Records from a data source
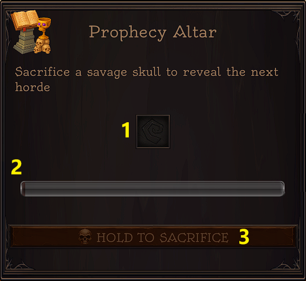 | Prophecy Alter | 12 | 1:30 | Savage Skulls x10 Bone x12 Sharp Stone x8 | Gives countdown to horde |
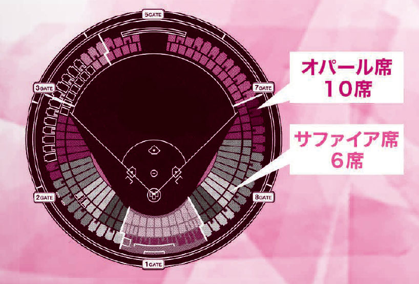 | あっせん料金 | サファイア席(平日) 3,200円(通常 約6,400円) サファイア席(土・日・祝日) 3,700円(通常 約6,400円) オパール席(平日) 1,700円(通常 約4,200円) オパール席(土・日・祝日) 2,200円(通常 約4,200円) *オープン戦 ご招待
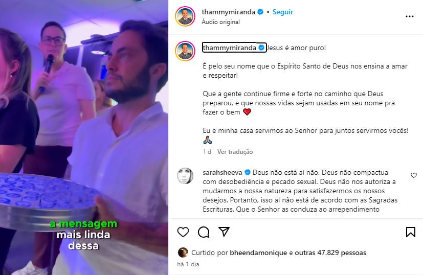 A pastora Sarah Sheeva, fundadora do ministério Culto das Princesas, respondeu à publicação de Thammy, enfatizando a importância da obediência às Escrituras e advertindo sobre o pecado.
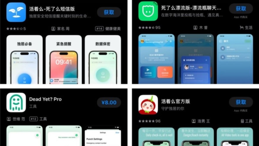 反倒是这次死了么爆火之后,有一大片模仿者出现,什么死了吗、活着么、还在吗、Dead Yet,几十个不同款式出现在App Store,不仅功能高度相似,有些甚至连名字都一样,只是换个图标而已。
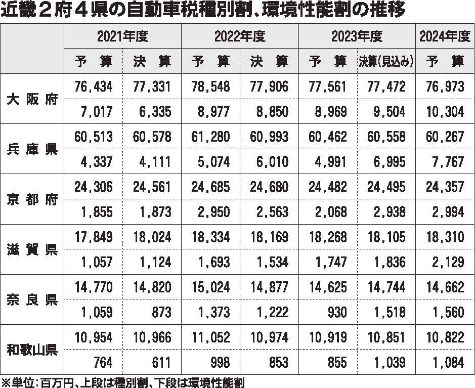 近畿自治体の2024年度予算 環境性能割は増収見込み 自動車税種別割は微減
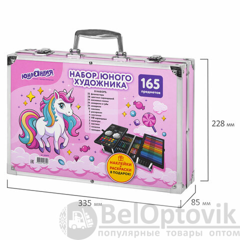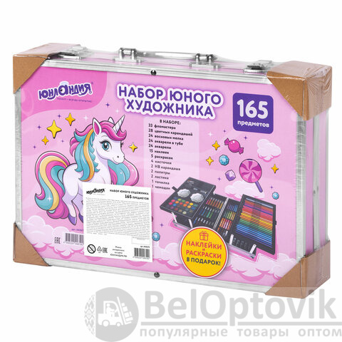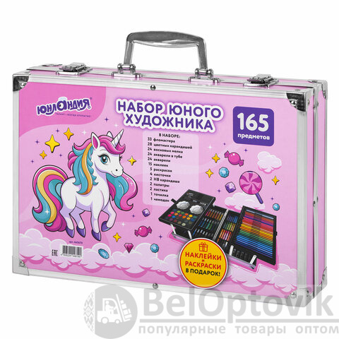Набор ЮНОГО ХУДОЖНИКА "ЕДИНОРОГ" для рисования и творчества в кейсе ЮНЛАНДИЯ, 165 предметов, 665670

> **Exercise aim**: Copy the final stretch of the entries exactly: the line containing "近畿自治体の2024年度予算 環境性能割は増収見込み 自動車税種別割は微減" and every line after it through the last. Include no pictures and nothing more.

> **Written answer**:
 近畿自治体の2024年度予算 環境性能割は増収見込み 自動車税種別割は微減
Набор ЮНОГО ХУДОЖНИКА "ЕДИНОРОГ" для рисования и творчества в кейсе ЮНЛАНДИЯ, 165 предметов, 665670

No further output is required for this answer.